That's root, /usr and /var being mounted in the initrd. 

Its difficult to pick that out of dmesg as its embedded in all the other kernel startup messages.

My initrd is user space tools only, no module loading. Its not changed since April 2009.

Maybe that 8524K is the compressed image space being freed, not the actual running decompressed initrd.

----------

## dib.gentoo

After your questions I tried different things.

I am using genkernel and played around with the configuration possibilities.

First result was: The initramfs was suddenly a lot smaller, but my wireless adapter (intel) did not work anymore - obviously a firmware problem. But: Startup time was so fast that I could not see the anymore wether the initramfs was loaded at all   :Very Happy: 

One of the things was removing the command line parameters of genkernel, and using the /etc/genkernel.conf for configuration. During this process I also removed the --firmware parameter.

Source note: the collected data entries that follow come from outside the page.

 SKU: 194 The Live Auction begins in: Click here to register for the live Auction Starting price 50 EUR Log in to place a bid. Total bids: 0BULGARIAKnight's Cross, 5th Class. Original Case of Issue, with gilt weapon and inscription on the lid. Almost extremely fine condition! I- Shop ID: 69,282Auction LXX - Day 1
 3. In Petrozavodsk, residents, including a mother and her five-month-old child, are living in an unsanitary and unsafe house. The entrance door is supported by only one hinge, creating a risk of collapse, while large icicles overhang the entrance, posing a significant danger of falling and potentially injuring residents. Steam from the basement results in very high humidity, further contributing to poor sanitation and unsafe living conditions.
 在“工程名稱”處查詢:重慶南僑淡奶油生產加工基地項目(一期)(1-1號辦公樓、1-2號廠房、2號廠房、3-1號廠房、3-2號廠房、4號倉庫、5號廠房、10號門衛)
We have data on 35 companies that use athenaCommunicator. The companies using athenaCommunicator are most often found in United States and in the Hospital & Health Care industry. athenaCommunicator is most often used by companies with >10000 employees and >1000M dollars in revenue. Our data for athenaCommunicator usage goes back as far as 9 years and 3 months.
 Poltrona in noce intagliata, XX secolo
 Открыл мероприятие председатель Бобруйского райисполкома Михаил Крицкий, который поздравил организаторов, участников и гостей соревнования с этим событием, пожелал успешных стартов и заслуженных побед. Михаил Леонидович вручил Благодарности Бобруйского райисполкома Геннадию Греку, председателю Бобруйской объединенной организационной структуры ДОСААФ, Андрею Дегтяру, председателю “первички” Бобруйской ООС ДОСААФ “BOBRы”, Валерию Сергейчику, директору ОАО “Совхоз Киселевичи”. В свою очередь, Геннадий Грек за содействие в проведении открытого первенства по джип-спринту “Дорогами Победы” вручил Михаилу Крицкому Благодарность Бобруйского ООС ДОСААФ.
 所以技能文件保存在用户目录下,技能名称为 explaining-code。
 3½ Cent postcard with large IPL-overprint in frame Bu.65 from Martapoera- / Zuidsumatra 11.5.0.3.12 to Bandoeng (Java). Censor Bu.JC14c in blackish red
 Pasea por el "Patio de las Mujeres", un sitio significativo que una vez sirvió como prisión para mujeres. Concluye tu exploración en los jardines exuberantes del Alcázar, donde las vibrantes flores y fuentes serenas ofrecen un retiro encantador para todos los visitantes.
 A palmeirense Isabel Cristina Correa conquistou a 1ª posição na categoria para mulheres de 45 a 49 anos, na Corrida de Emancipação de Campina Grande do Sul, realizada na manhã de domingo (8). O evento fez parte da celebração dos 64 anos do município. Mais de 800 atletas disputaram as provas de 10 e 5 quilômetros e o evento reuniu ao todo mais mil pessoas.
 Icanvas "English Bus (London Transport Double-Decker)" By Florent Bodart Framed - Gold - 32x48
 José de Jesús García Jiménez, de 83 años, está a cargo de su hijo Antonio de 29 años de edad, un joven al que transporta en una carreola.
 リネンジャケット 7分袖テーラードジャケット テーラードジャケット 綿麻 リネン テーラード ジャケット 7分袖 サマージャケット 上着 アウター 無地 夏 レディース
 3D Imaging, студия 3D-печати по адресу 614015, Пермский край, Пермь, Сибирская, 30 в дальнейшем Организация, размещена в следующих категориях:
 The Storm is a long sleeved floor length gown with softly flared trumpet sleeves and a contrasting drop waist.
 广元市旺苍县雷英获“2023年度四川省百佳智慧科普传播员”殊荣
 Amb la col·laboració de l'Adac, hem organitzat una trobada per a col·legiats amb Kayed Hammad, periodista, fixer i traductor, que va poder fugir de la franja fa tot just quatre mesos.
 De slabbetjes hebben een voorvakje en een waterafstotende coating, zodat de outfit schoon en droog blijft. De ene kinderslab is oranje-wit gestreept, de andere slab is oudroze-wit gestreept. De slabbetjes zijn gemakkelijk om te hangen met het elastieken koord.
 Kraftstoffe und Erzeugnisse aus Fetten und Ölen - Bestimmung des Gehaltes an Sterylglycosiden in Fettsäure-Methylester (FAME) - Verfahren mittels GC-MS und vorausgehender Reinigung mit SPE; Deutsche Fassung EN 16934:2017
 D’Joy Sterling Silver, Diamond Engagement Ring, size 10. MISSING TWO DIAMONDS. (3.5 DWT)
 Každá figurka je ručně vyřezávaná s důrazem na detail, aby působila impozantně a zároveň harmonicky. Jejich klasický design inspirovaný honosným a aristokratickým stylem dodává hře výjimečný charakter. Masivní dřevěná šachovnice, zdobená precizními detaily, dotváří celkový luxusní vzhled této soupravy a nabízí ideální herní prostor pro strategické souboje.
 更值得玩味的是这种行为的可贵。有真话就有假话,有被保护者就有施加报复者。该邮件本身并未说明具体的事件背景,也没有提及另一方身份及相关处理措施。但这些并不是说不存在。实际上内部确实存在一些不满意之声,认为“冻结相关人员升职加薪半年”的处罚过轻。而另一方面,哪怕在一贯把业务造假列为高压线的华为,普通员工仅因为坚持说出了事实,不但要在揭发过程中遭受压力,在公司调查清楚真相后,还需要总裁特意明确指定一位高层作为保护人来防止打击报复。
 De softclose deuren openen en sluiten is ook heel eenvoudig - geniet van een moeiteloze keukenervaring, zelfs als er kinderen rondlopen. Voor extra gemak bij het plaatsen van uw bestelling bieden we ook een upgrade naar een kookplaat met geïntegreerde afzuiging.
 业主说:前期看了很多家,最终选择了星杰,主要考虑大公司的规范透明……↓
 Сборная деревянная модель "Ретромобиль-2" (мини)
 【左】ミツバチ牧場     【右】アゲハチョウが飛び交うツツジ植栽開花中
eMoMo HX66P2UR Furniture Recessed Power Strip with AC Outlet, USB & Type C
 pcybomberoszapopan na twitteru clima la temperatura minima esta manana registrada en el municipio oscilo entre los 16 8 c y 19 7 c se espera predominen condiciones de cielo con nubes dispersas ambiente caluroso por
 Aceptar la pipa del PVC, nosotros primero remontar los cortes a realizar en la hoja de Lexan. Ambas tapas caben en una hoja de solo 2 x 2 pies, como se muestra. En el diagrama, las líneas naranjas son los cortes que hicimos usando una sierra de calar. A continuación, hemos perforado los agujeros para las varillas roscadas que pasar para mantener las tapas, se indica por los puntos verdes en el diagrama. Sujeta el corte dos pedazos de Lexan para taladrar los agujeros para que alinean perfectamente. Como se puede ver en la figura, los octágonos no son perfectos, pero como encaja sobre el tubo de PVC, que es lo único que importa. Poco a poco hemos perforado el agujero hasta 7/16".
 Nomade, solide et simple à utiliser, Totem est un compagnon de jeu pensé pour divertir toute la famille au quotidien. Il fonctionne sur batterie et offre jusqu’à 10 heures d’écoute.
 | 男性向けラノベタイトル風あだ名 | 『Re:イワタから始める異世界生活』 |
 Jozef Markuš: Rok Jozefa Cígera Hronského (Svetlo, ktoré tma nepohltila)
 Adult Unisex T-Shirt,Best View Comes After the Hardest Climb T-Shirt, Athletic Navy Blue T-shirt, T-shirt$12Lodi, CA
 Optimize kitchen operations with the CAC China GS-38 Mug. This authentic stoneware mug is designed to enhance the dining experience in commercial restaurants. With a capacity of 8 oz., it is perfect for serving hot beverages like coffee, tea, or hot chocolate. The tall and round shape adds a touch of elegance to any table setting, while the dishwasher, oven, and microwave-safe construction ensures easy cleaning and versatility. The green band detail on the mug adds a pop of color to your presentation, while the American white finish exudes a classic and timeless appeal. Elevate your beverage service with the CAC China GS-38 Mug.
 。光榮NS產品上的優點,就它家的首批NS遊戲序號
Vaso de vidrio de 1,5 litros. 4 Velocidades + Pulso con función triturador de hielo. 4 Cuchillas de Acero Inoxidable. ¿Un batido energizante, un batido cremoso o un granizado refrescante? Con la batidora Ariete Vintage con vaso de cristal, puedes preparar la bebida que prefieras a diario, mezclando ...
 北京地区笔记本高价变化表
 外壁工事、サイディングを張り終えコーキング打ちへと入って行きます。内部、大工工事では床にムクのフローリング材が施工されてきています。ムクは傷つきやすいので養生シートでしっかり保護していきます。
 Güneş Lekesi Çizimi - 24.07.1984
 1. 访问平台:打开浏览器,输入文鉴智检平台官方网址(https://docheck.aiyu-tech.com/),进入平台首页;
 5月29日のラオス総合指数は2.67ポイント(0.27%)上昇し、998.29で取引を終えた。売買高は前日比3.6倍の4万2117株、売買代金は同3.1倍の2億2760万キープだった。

Next thing I tried was setting the firmware options in the .conf: I tried different settings

Firmware_Install = yes: Did not work, no wlan

With firmware=yes and sys-kernel/linux-firmware installed, wlan works again - but the initramfs is nearly as big as my /boot-partition (which is 256M). AND: Boot is slow again, but there is something different.

Now, directly on startup (I tried refind on one system and directly with grub on another system), the initramfs is loaded right in the beginning (so, it is the second line on the boot screen after the kernel version), and takes 10+ seconds.

compression algorithm is "fastest", which results in LZ4, but unpacking the initramfs not during boot, but unpacking it with lz4 by hand in my bash takes less than 1sec

Sidenote: I also upgraded the kernel from 4.18.x to 4.19.1

----------